Exactly the lines below, starting with the one containing "2026春夏短袖 重工绣珠融合网布印花为主调 巧妙融入最新流行素" and going on through the one containing "Imprinted Artist Palette", must be reproduced, both ends included, and no pictures with them.

STORED DATA |
• • • •

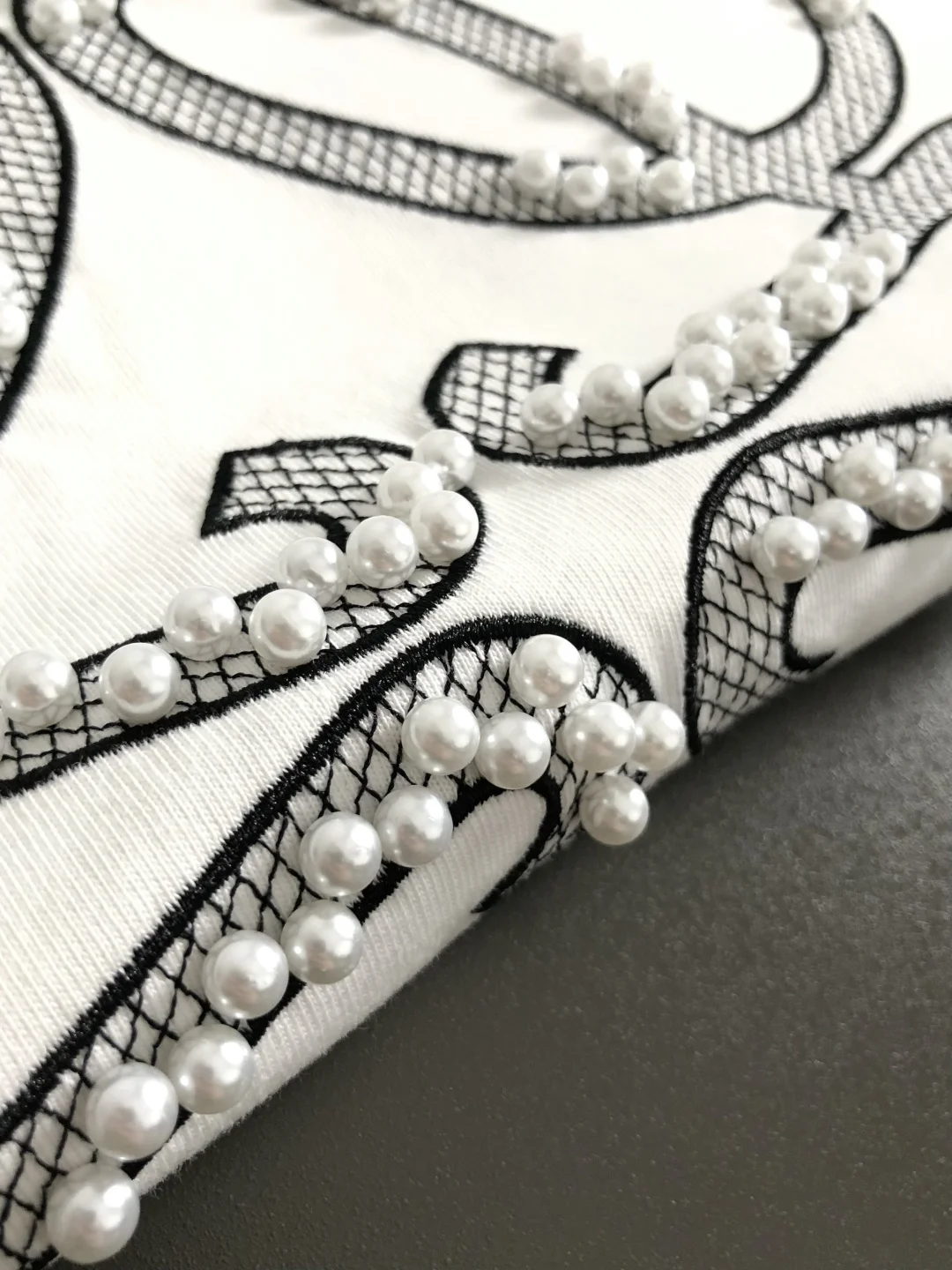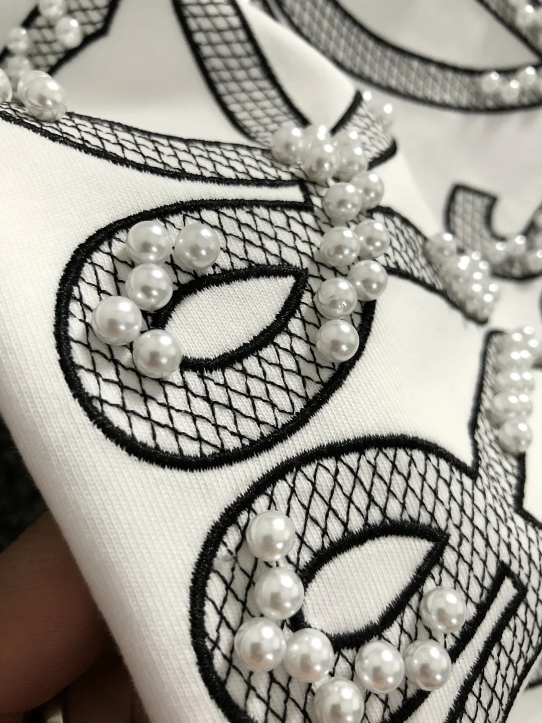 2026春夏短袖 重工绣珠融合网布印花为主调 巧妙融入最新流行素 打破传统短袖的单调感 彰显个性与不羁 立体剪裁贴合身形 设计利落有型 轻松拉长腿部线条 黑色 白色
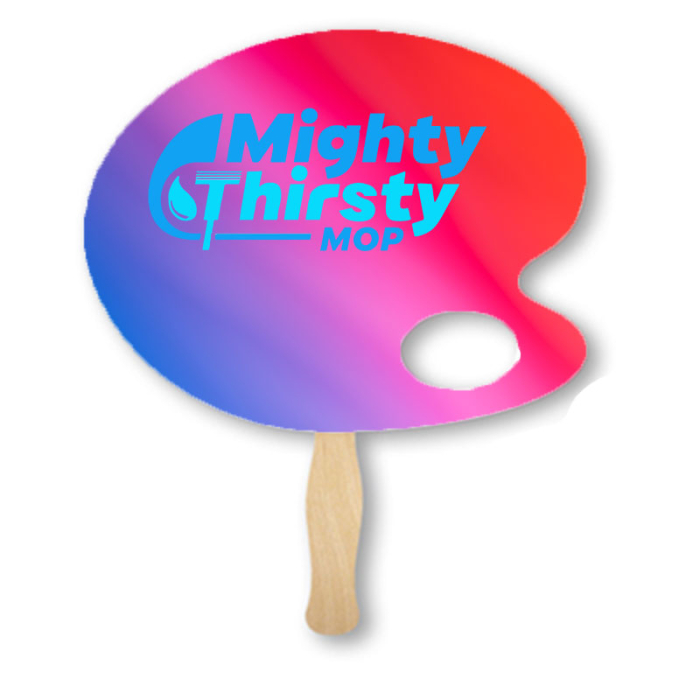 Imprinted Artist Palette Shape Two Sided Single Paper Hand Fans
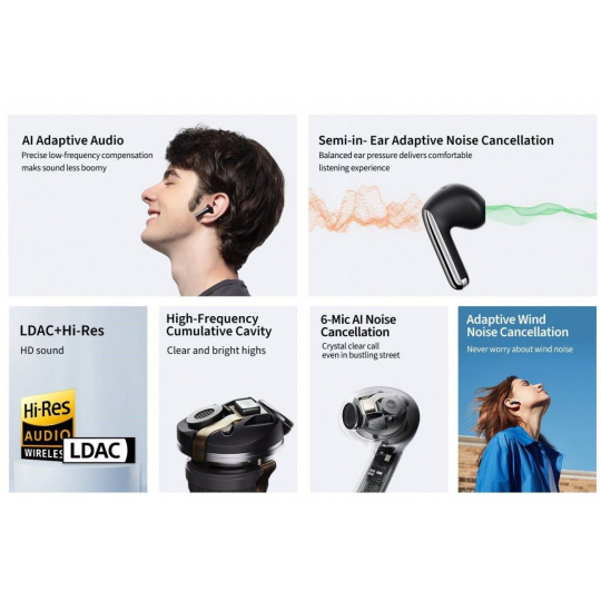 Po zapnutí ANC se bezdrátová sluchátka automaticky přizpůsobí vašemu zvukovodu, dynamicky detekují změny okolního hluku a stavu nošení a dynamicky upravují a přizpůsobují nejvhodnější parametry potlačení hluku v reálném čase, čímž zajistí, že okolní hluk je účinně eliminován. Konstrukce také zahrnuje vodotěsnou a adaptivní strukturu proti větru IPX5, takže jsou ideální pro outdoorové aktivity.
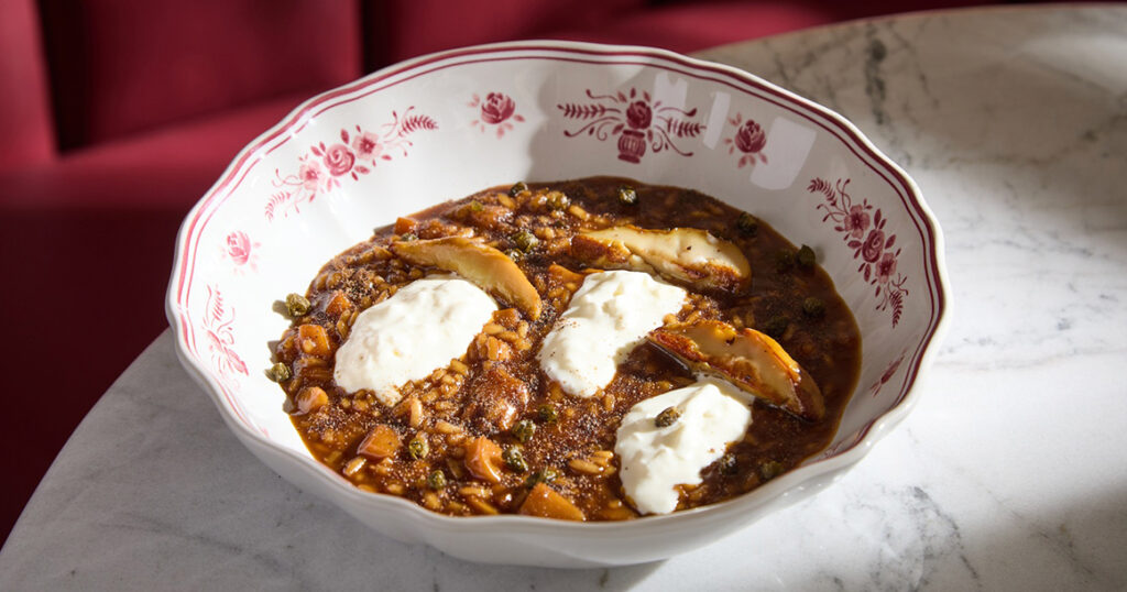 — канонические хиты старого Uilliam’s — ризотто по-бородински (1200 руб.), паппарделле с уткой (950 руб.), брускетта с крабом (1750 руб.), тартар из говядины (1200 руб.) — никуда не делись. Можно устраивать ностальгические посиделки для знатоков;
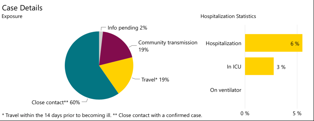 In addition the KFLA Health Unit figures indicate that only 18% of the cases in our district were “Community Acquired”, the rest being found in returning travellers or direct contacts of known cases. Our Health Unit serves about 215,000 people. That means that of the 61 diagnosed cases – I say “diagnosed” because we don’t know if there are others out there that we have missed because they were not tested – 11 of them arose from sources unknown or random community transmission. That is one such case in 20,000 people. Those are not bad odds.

• • • •

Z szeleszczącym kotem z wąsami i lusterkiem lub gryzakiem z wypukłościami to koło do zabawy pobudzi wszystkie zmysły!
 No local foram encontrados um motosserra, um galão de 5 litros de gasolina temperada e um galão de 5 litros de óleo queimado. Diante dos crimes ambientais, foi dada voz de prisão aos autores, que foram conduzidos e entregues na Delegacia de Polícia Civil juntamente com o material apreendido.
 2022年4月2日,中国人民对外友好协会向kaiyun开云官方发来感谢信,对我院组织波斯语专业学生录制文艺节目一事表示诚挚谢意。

• • • •

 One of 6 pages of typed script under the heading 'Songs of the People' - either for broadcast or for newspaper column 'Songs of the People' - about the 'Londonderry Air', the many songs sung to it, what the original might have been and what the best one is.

• • • •

RESULT |
 2026春夏短袖 重工绣珠融合网布印花为主调 巧妙融入最新流行素 打破传统短袖的单调感 彰显个性与不羁 立体剪裁贴合身形 设计利落有型 轻松拉长腿部线条 黑色 白色
 Imprinted Artist Palette Shape Two Sided Single Paper Hand Fans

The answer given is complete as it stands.